2.6. Statistical analysis
Group (control, deficient, repleted) differences in fatty acid composition, plasma inflammatory markers, and monoamine ratios were evaluated with a one-way ANOVA, and pairwise comparisons made with unpaired t-tests (2-tail, α=0.05). Non-parametric (Spearman) correlation analyses were performed to determine relationships between erythrocyte fatty acid composition, inflammatory markers, and monoamine ratios (2-tail, α=0.05). Analyses were performed with GB-STAT (V.10, Dynamic Microsystems, Inc., Silver Springs MD).
3.1. Food intake and body weight
There were no significant group differences in food intake, F(2,44)=0.6, p=0.58 (CON: 60.8±2.6; DEF: 58±2.5; REP: 60.0±2.1 g/kg/d), or endpoint (P100) body weight, F(2,29)=1.1, p=0.34 (CON: 461±12; DEF: 431±14; REP: 441±14 kg).

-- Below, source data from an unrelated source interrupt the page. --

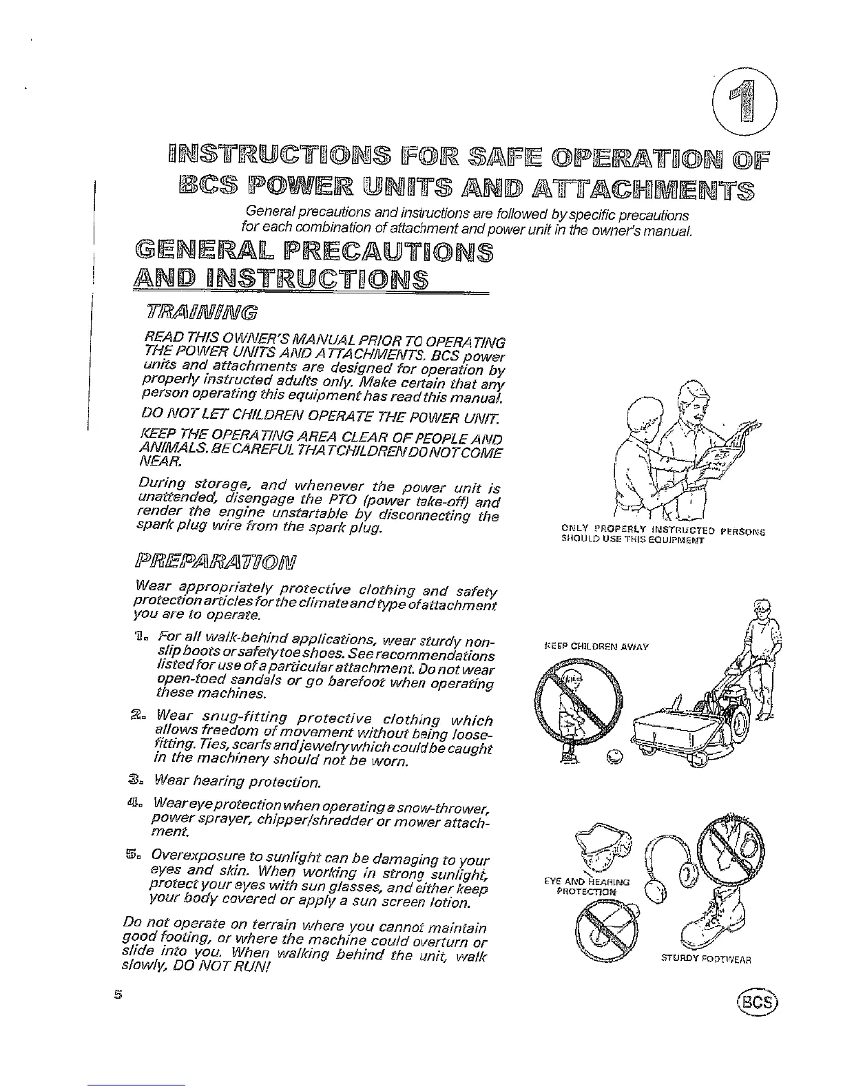 BCS 722 Harvester - SECTION ONE: RULES FOR SAFE OPERATION OF UNIT AND ATTACHMENTS; GENERAL PRECAUTIONS AND INSTRUCTIONS
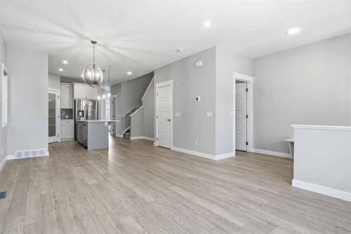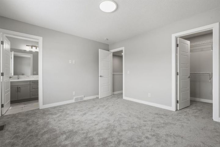 Main Floor Office • Oversized Double Garage (Bring Your Trucks! 8 Feet Tall Door) • Upper Loft • Side Entrance Basement • Triple-Pane Windows! Welcome to your brand new 2025 home in the award-winning community of Coopers Crossing Airdrie. Sitting proudly on a conventional lot (a.k.a. more yard to actually use), this home is thoughtfully crafted for real life—working, relaxing, entertaining. Step inside to an open-concept main floor boasting 9’ ceilings, sunshine for days, and ultra-efficient triple-pane windows to keep you cozy in winter and cool during "why is it so hot?" season. Need a home office or private guest hideaway? The main-level flex room has you covered—conveniently located next to a sleek bathroom with a floating vanity that practically winks at you. Head upstairs to discover the bonus loft—perfect for movie nights, homework zones, or staging epic pillow forts. Three generously sized bedrooms await, including a primary suite designed for maximum relaxation with a walk-in closet and a spa-inspired ensuite where you can pretend you’re at a resort. Laundry is right down the hall, so no carrying baskets up and down stairs! The unfinished basement (with 9’ ceilings, painted concrete floors, and a separate side entrance) is a blank canvas. Gym? Secret lair? You decide. Outside, the star of the show: an oversized double detached garage—big enough for trucks, tools, toys, and possibly your ambitions. The conventional lot also gives you plenty of backyard space for BBQs, gardening, or letting the dog live its best life. All of this is just a short stroll from St. Veronica and Northcott Prairie schools, scenic parks, walking paths, and the Coopers Town Promenade—home to Sobeys, cafés, restaurants, and everything you forgot you needed until five minutes ago. Turn the key, settle in, and start your next chapter in Coopers Crossing—your future self will thank you.
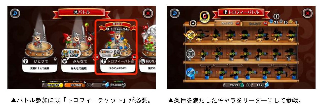 トロフィーバトルは、出場条件を満たしたキャラをリーダーにして戦い、“トロP”を獲得することが目的のバトルです。一定数のポイントがたまると、さまざまな報酬のほか、キャラの能力値が上昇する“D1武具”などが入手できます。

3.2. Erythrocyte fatty acid composition
There was a significant main effect of treatment (diet) on DHA composition, F(2,29)=411, p≤0.0001 (Fig. 1A). DHA composition was significantly lower in n-3-deficient rats compared with both controls (p≤0.0001) and repleted rats (p≤0.0001), and did not differ between control and repleted rats (p=0.52). The main effect of treatment was significant for arachidonic acid (AA, 20:4n-6) composition, F(2,29)=76.1, p≤0.0001 (Fig. 1B). AA composition was significantly greater in n-3-deficient rats compared with both controls (p≤0.0001) and repleted rats (p≤0.0001), and did not differ between control and repleted rats (p=0.44). The main effect of treatment was significant for the AA/DHA ratio, F(2,29)=1587, p≤0.0001 (Fig. 1C). The AA/DHA ratio was significantly greater in n-3-deficient rats compared with both control (p≤0.0001) and repleted rats (p≤0.0001), and did not differ between control and repleted rats (p=0.72). The main effect of treatment was also significant for the AA/EPA ratio, F(2,29)=1850, p≤0.0001 (data not shown). The AA/EPA ratio was significantly greater in n-3-deficient rats compared with both control (p≤0.0001) and repleted rats (p≤0.0001), and did not differ between control and repleted rats (p=0.67).
Figure 1
Figure 1
Erythrocyte compositions (wt % total fatty acid composition) of docosahexaenoic acid (DHA, 22:6n-3)(A) and arachidonic acid (AA, 20:4n-6)(B) and the AA/DHA ratio (C) in control (CON, n=10), n-3-deficient (DEF, n=10), and n-3-repleted (REP, n=10) rats. (more ...)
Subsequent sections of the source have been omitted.